From the first line of the entries below through the line holding "伊春市生态环境局感谢信", write out every line exactly, please, and leave out the pictures.

*Stored dataset items*:
################

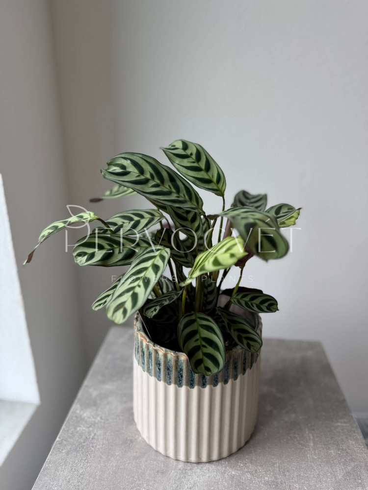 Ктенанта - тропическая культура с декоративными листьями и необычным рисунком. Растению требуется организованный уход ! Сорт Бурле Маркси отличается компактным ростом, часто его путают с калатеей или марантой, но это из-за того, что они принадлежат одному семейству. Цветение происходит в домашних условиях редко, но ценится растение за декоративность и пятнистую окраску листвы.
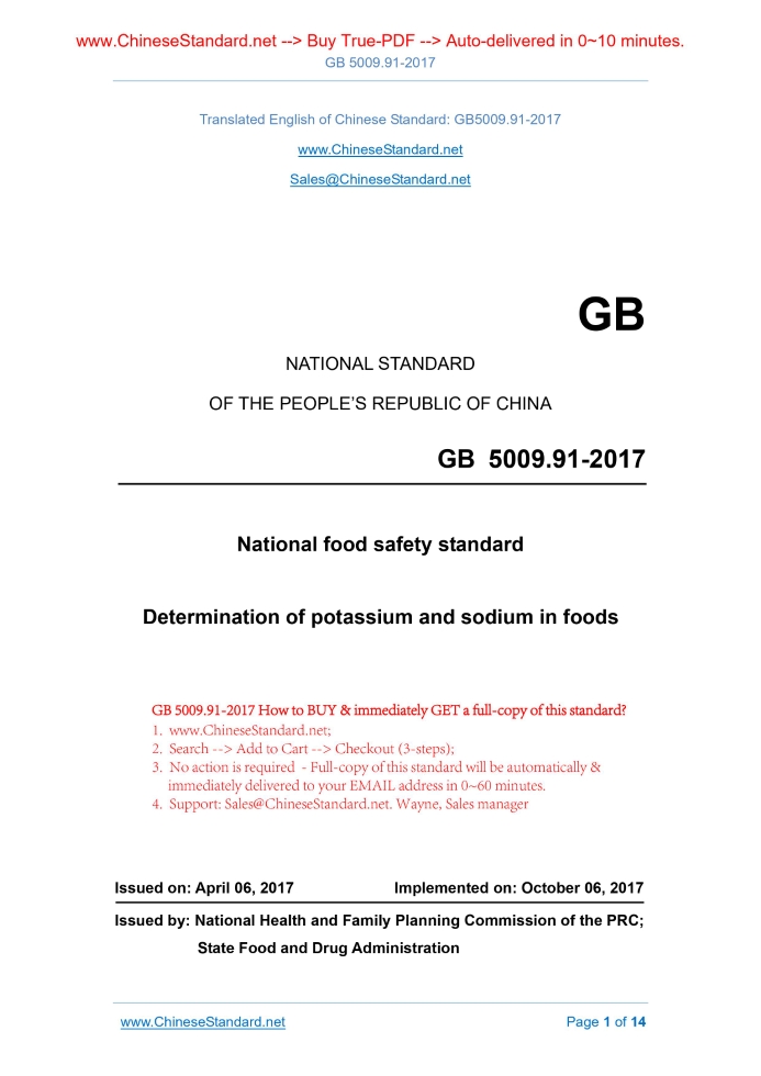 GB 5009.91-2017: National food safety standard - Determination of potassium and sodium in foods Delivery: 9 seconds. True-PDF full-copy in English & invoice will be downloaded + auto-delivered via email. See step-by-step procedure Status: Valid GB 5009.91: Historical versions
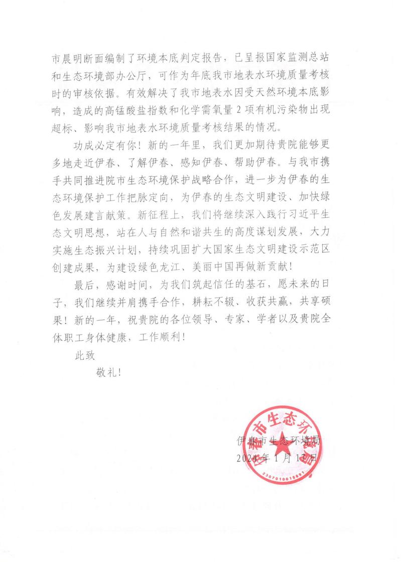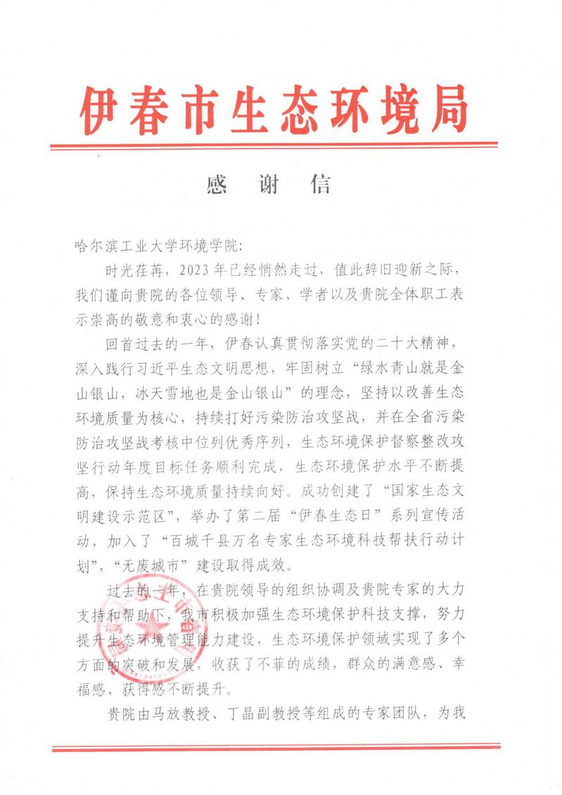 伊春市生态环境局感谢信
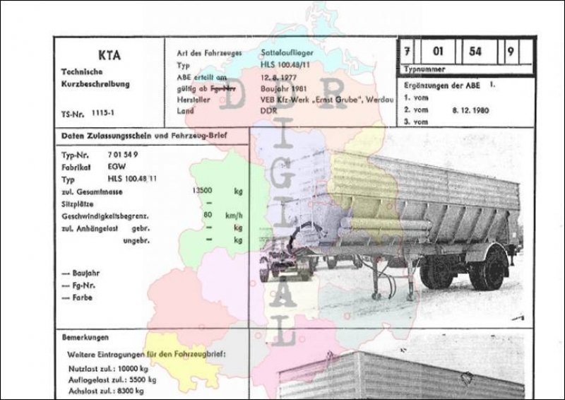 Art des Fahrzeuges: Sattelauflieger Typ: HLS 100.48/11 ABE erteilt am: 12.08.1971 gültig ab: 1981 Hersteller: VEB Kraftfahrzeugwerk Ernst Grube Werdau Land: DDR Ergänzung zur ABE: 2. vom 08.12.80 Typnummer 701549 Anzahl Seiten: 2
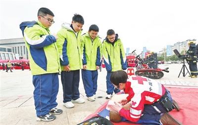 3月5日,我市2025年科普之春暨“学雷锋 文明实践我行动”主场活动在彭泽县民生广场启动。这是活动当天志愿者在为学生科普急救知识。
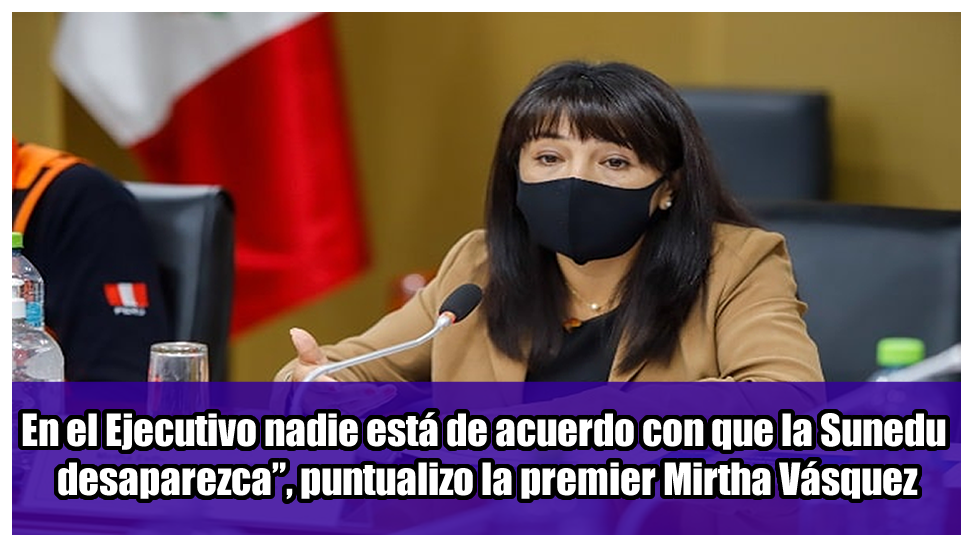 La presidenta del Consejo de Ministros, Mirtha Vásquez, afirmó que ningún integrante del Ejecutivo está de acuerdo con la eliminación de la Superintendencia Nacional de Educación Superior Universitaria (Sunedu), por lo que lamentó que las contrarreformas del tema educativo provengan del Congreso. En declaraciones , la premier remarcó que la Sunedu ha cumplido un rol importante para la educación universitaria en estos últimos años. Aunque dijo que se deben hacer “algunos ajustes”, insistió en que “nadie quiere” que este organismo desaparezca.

################

*ANSWER TO THIS PROBLEM*:
 Ктенанта - тропическая культура с декоративными листьями и необычным рисунком. Растению требуется организованный уход ! Сорт Бурле Маркси отличается компактным ростом, часто его путают с калатеей или марантой, но это из-за того, что они принадлежат одному семейству. Цветение происходит в домашних условиях редко, но ценится растение за декоративность и пятнистую окраску листвы.
 GB 5009.91-2017: National food safety standard - Determination of potassium and sodium in foods Delivery: 9 seconds. True-PDF full-copy in English & invoice will be downloaded + auto-delivered via email. See step-by-step procedure Status: Valid GB 5009.91: Historical versions
 伊春市生态环境局感谢信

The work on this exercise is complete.